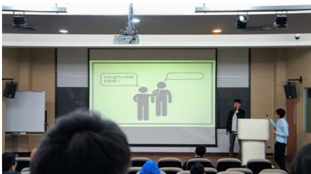
資工系期初大會系上分享

建議有機會申請交換生的金大生一定要去申請，趁著大學時期比較有空的時間，可以多到世界各地去走走，一定會對自己的眼界能夠更開闊，此外在年輕時候學習獨立、學習如何安排規劃行程出去玩，也是很好的練習及學習。
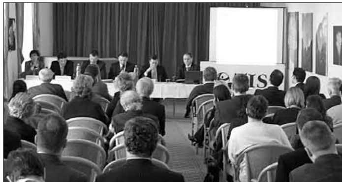
Seminára, na ktorom TIS prezentovala protikorupčné odporúčania pre novú vládu, sa zúčastnili zástupcovia 5 kandidujúcich politických strán a ich koalícií.
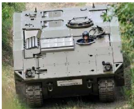
Специализированная машина (Specialist Vehicle - SV) уже тянет больше, чем весит, в качестве основного шасси перспективной программы AFV (Armoured Fighting Vehicle - Боевая бронированная машина).

Мобильная испытательная установка (Mobile Test Rig - MTR) для программы SV, которая была выведен на испытания General Dynamics в июне 2012 года, отбуксировала поезд, весом в общей сложности 92 тонны на расстояние более, чем 300 км, подтвердив этим уверенность в способности SV обеспечить достаточно мощности для удовлетворения всем требованиям, с учетом ожидаемого роста в течение следующих 30 лет.
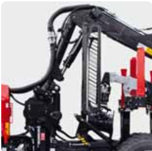
Grille à déplacement hydraulique (option)
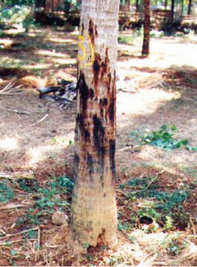
ಚಿತ್ರ 19. ತೆಂಗಿನ ಕಾಂಡ ಸೋರುವ ರೋಗ

ವೊದಲಿಗೆ ಕಾಂಡದ ಕೆಳಭಾಗದಲ್ಲಿ ತೊಗಟೆಯಿಂದ ದಟ್ಟ ಕೆಂಪು ಮಿಶ್ರಿತ ಕಂದು ಬಣ್ಣದ ದ್ರವವು ಹೊರ ಸೂಸುತ್ತದೆ. ಹತ್ತಿರದ ಈ ರೀತಿಯ ಒಂದೆರಡು ಮಚ್ಚೆಗಳು ಕೂಡಿಕೊಂಡು, ಅಗಲವಾದ ರಕ್ತ ಕಾರಿದ ಕಲೆಗಳು ಕಾಂಡದಲ್ಲಿ ಉಂಟಾಗುತ್ತವೆ (ಚಿತ್ರ 19). ಹೀಗೆ ಹೊರ ಸೂಸುವ ದ್ರವವು ಒಣಗಿ ಕಪ್ಪು ಬಣ್ಣಕ್ಕೆ ತಿರುಗುತ್ತದೆ. ಹೊರ ಭಾಗದ ತೊಗಟೆಯ ಒಳಗಿರುವ ಅಂಗಾಂಶಗಳು ದ್ರವ ಹೊರ ಸೂಸುವುದರಿಂದ ಸ್ವಾಭಾವಿಕವಾಗಿ ತನ್ನ ಬಣ್ಣವನ್ನು ಕಳೆದುಕೊಳ್ಳುತ್ತವೆ. ಈ
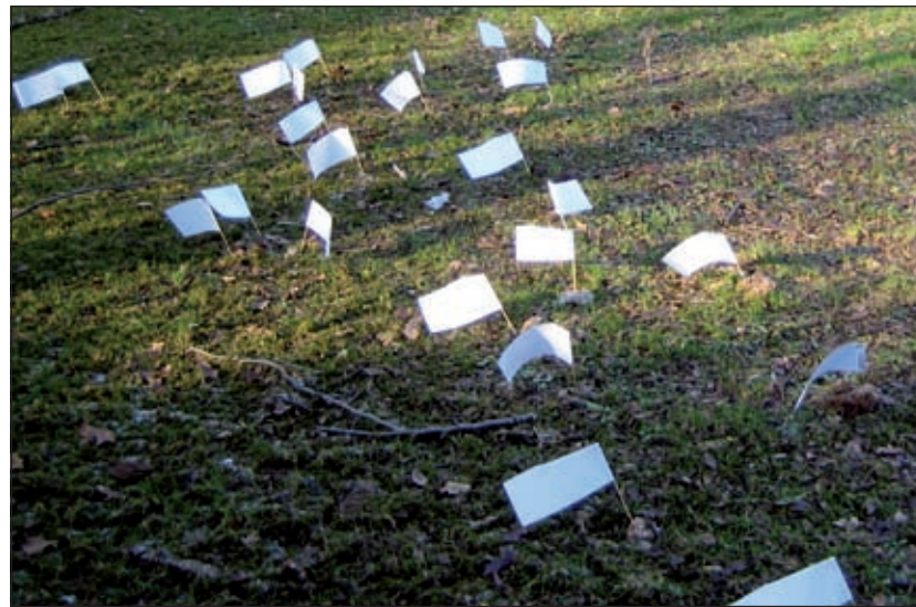
Er zijn voldoende hondenbezitters in Maartensdijk. Wees alert op onraad bij het uitlaten.
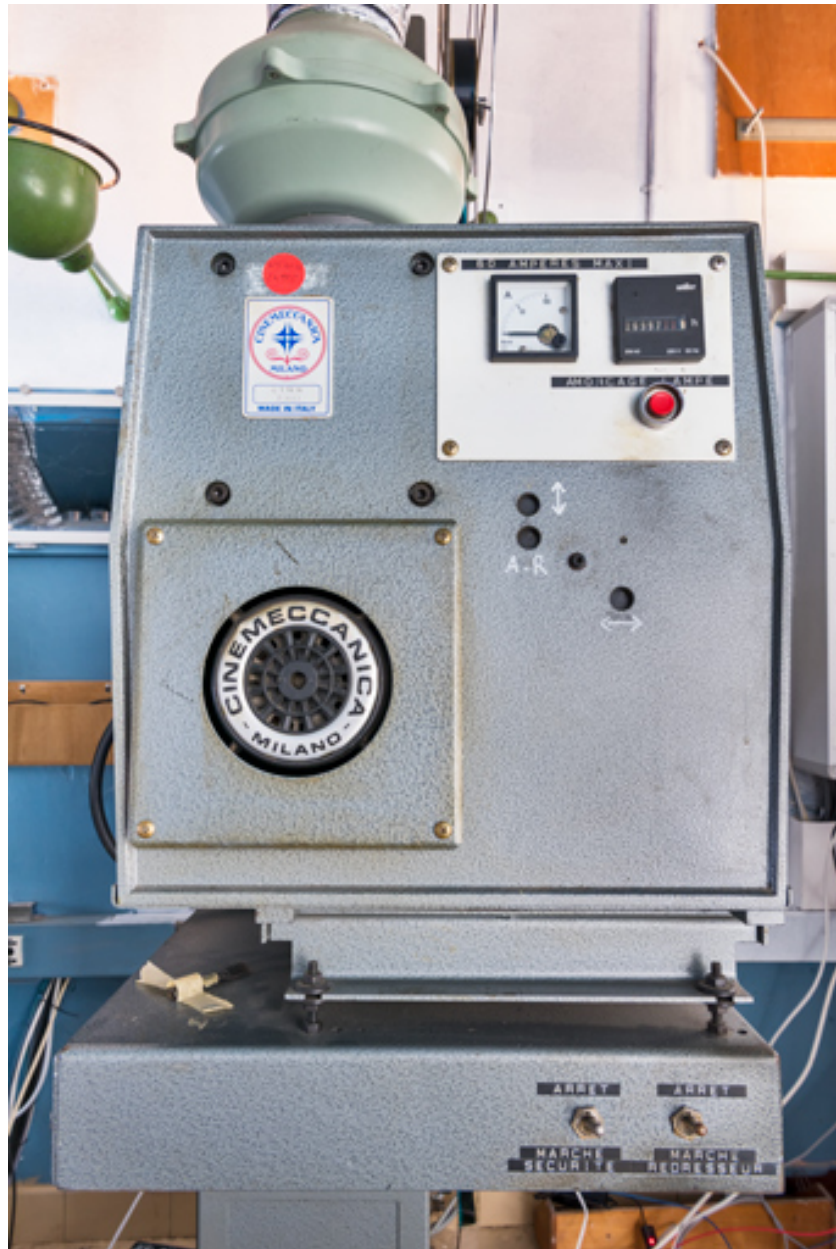
Face arrière de la lanterne.
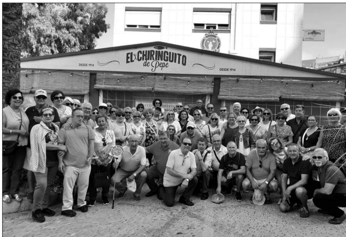
Participantes en este viaje.

Seis días vividos con intensidad y en mejor convivencia.
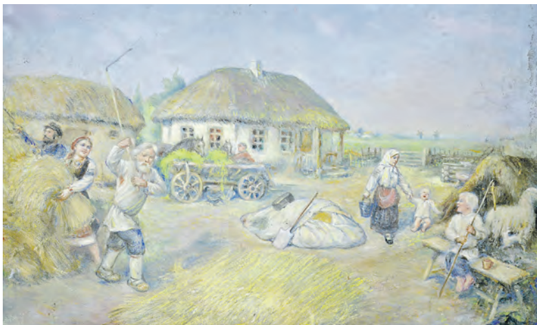
О любви художника к жизни в сельской глубинке говорят его полотна.
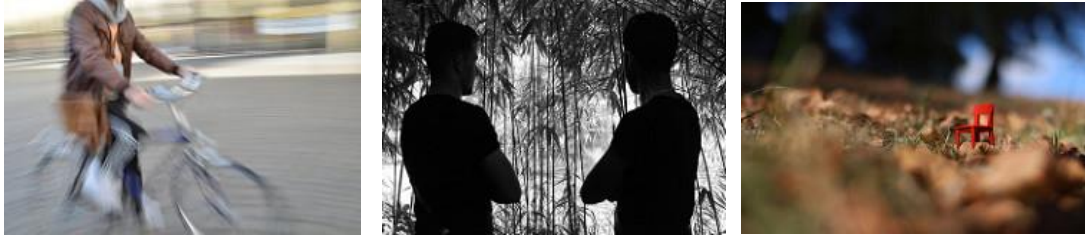
Fotos vom 1. Fotomarathon in Münster, Fotos: Andrea Bösing, Barbara Thiern, Michaela Kanthak

Das Jahr 2018 war für den Verein ein anstrengendes aber auch sehr erfolgreiches Jahr. Eingeleitet wurde das Jahr mit einem Fotowalk in Münsters Südviertel. Daraus entstand eine über drei monatige Fotoausstellung in Münsters Lokal Litfass. Weitere Fotowalks u. a. bei den Dülmener Wildpferden folgten. Workshops zur Foodfotografie, Langzeitbelichtung und zu Fotosoftware fanden sehr viel Resonanz. Alle Veranstaltungen und weitere Informationen findet ihr auf unserer Homepage und sollen hier nicht erneut aufgelistet werden. Das Organisations- und Planungsteam für den ersten Fotomarathon in Münster hatte ein umfangreiches Aufgabenpaket zu meistern. Der Erfolg hat uns dafür belohnt. Auch die Arbeitsfähigkeit des Vereins forderte uns so Einiges ab, wie Homepageerstellung, Onlineshop Einrichtung, Implementierung der Datenschutzgrundverordnung in unsere Onlinepräsenz, Gewinnung von Spendern/Sponsoren und Vieles mehr. Kleinere Pannen und Herausforderungen gab es natürlich auch, aber zum Glück nur wenige und behebbare. Gefreut hat uns besonders die durchgängig positive Resonanz auf die Organisation des Fotomarathons. Auf weitere Details soll hier an dieser Stelle gar nicht eingegangen werden, ich verweise noch einmal auf unsere Homepages und natürlich unsere Präsenz in zahlreichen sozialen Medien (Facebook, Instagram, Flickr, u. a.). Es war ein sehr positives und erfolgreiches Vereinsjahr.
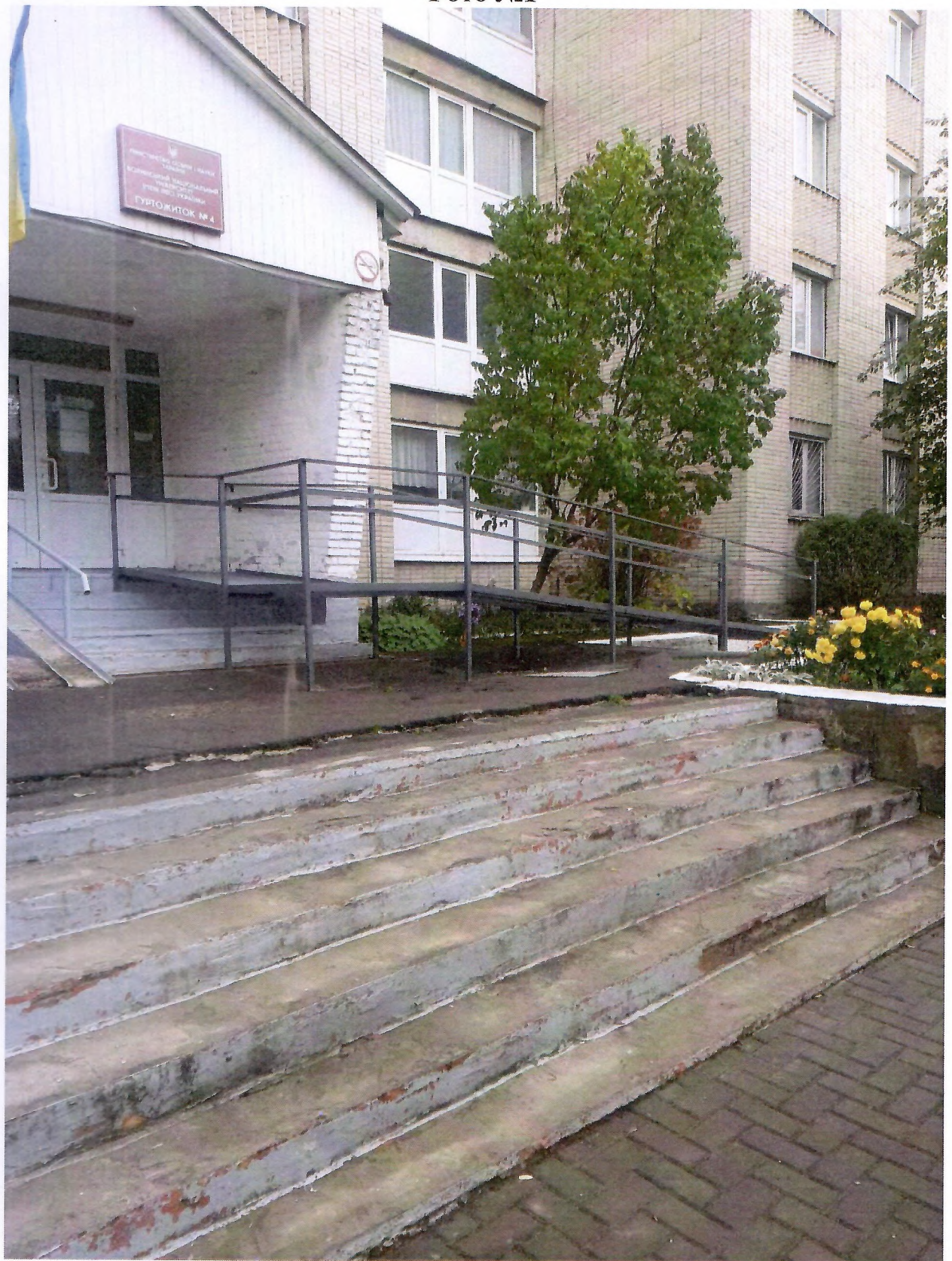
Загальний вигляд пандуса
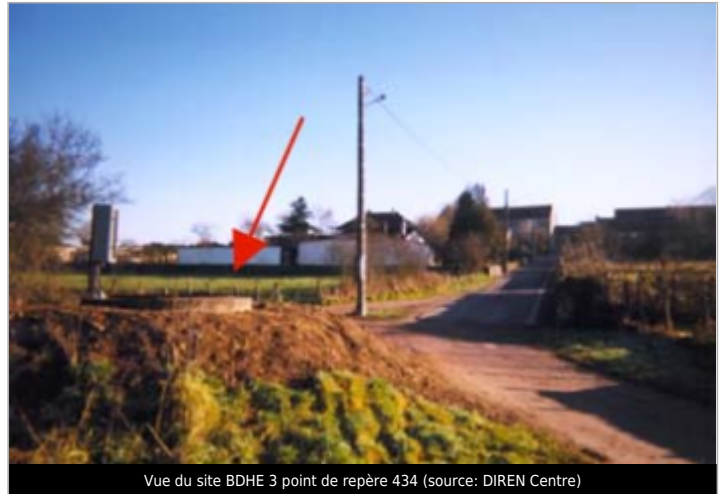
Vue du site BDHE 3 point de repère 434

Coordonnées WGS84 : X: 3.07167910 / Y: 46.99645860
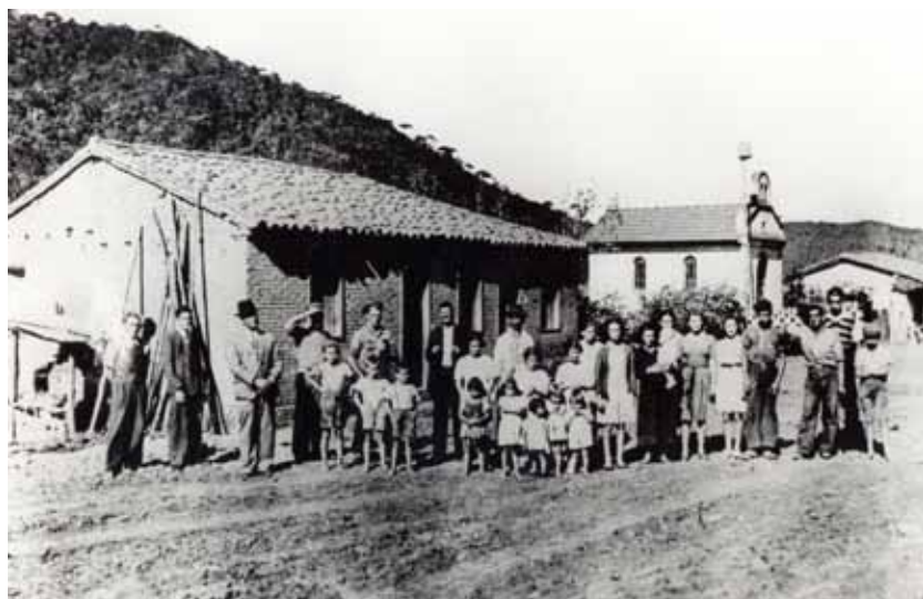
Sítio da Ponte Alta, próximo ao atual Jardim Silvína, de onde se tem as primeiras referências históricas da região. Na foto aparecem diversos membros da família Angeli, antiga proprietária do local. 1940.
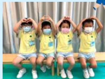
我鍾意同爸爸媽媽一齊玩。
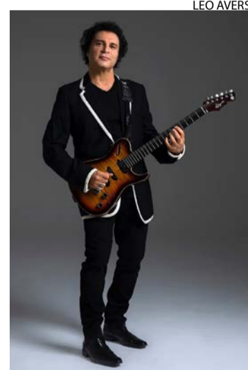
Frejat posa para ensaio com a guitarra N.Zaganin

Em 2017, o jornal "O Globo" surpreendeu os fãs ao noticiar: "Barão sem Frejat". Durante a pandemia, em 2020, lançou "Ao Redor do Precipício" e o show "Frejat em Blues", em que relê clássicos da MPB sob um viés blusey. Neste ano, retornou à antiga banda para a turnê "Encontro", que estreou no Rio em 30 de abril e chega a São Paulo no próximo sábado (23).
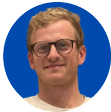
AUGUSTIN DE FAUCONVAL
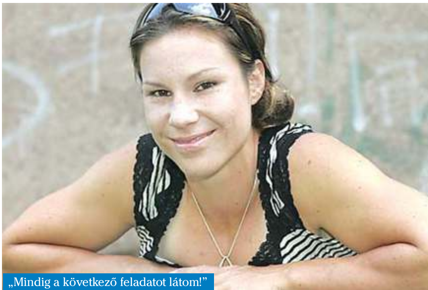
„Mindig a következő feladatot látom!”

Mindegyik arany, ezüst és bronzérem mögött van egy történet, és persze nagyon sok munka. A felkészülés tényleg minden alkalommal olyan, hogy sokszor csak pár centin múlnak az eredmények. Egy első és egy második helyezés mögött közel ugyanannyi munka van! Amire talán mégis a leg-
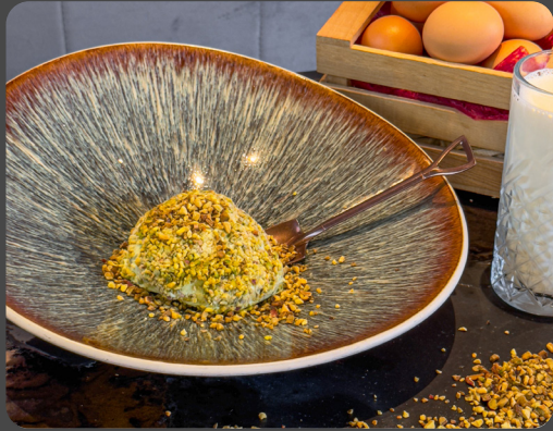
Tartufo di Pizzo calabro IGP al pistacchio o nocciola* 3,7,8

Pizzo Trüffel im Pistazien oder Haselnuss Geschmack Pistachio or hazelnut ice cream truffle of Pizzo
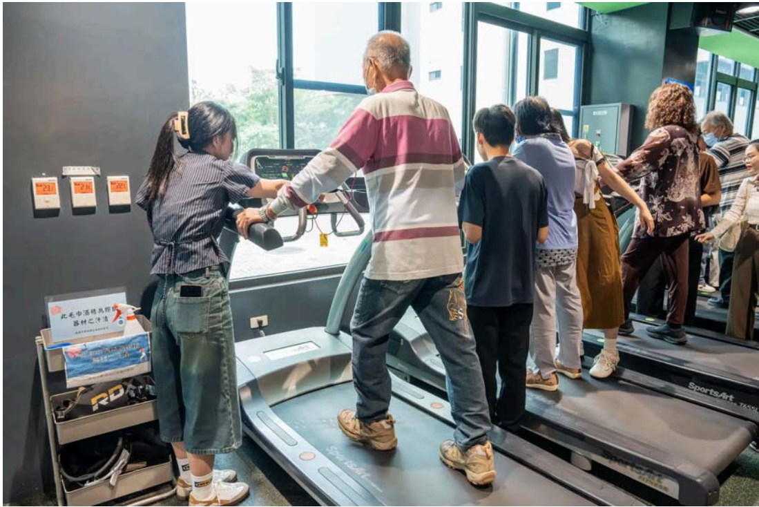
嘉藥國際生一對一陪伴長輩使用跑步機。

除了運動體驗外，餐旅系師生以西港特產「芝麻」為主題，設計出五道創意料理，包含DIY「胡麻味噌醬」、清爽「胡麻鯛魚沙拉」、異國風「麻油雞肉墨西哥餅披薩」、結合台南特產的「麻油虱目魚柳米糕」及創意「麻油科學麵煎餅」，長輩們不僅享受美食，也從中學習芝麻的營養價值與在地農產的創新應用。
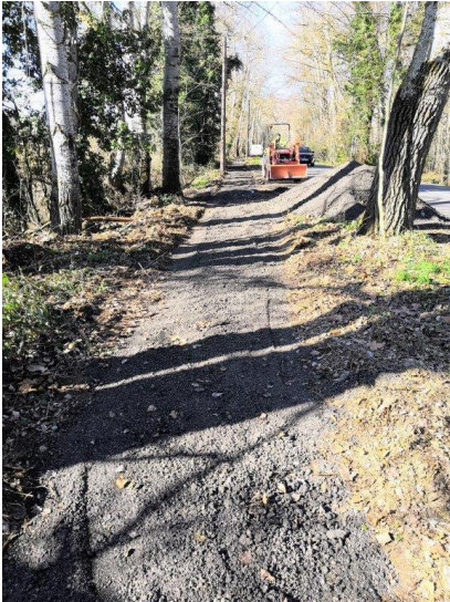
Création d'un chemin piétonnier Route de la Seillonne
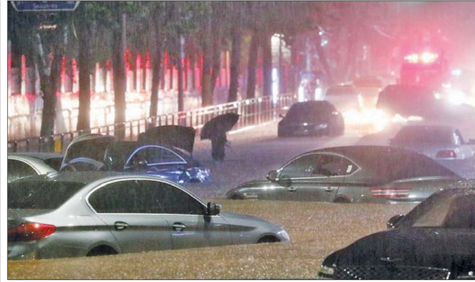
ဆိုးလ်မြို့၌ မိုးသည်းထန်စွာရွာသွန်းမှုကြောင့် ရေကြီးရေလျှံမှုဖြစ်ကာ လမ်းများပေါ်တွင် ကားများ ရေနှစ်မြုပ်နေသည်ကို တွေ့ရစဉ်။

ဆိုးလ်မြို့နှင့် အနောက်ဘက်ရှိ အင်ချွန်းဆိပ်ကမ်းမြို့တို့တွင် တစ် နာရီလျှင် မိုးရေချိန် ၁၀၀ မီလီ မီတာကျော်အထိ ရွာသွန်းခဲ့သည်။ ဒွန်းဂျက် ခရိုင်တွင် တစ်နာရီလျှင် မိုးရေချိန် ၁၄၁ ဒသမ ၅ မီလီမီတာ အထိ ရောက်ရှိခဲ့ပြီး ၁၉၄၂ ခုနှစ် ဩဂုတ်လ နောက်ပိုင်း အမြင့် ဆုံး စံချိန်တင်မိုးရေချိန်အဖြစ် မှတ်တမ်းတင်ခဲ့သည်။ ဆိုးလ် မြို့တော် အနီးတစ်ဝိုက်တွင် ဩဂုတ် ၉ ရက်အထိ မိုးရေချိန် ၃၀၀ မီလီမီတာအထိ ဆက်လက် ရွာသွန်းနိုင်သည်ဟု ခန့်မှန်းထား သည်။ မိုးသည်းထန်စွာ ရွာသွန်းမှု ကြောင့် ဆိုးလ်တွင် လူငါးဦး သေဆုံးကာလေးဦးပျောက်ဆုံးနေ သည့်အပြင် ဂယောင်းဂီပြည်နယ် အတွင်း သုံးဦးသေဆုံးကာ အခြားနှစ်ဦးမှာလည်း ပျောက်ဆုံး လျက်ရှိသည်။ ထို့အတူ ပြည်နယ် အတွင်း လူကိုးဦး ထိခိုက်ဒဏ်ရာ ရရှိခဲ့ပြီး မြို့တော်ဧရိယာရှိ အိမ်ထောင်စု ၂၃၀ မှ လူ ၃၉၁ ဦးသည် အိုးအိမ်များကို စွန့်ခွာ ကာ အများပြည်သူဆိုင်ရာ အဆောက်အအုံများတွင် ခိုလှုံ နေကြရသည်။ ဆင်ယွာ

**WHAT TO PRODUCE**. In the entries above, find the line with "Coordonnées WGS84 : X: 3.07167910" and the line with "a következő feladatot". Write out exactly those two lines and every line between them, pictures excluded.

**ANSWER BELOW**.
Coordonnées WGS84 : X: 3.07167910 / Y: 46.99645860
Sítio da Ponte Alta, próximo ao atual Jardim Silvína, de onde se tem as primeiras referências históricas da região. Na foto aparecem diversos membros da família Angeli, antiga proprietária do local. 1940.
我鍾意同爸爸媽媽一齊玩。
Frejat posa para ensaio com a guitarra N.Zaganin

Em 2017, o jornal "O Globo" surpreendeu os fãs ao noticiar: "Barão sem Frejat". Durante a pandemia, em 2020, lançou "Ao Redor do Precipício" e o show "Frejat em Blues", em que relê clássicos da MPB sob um viés blusey. Neste ano, retornou à antiga banda para a turnê "Encontro", que estreou no Rio em 30 de abril e chega a São Paulo no próximo sábado (23).
AUGUSTIN DE FAUCONVAL
„Mindig a következő feladatot látom!”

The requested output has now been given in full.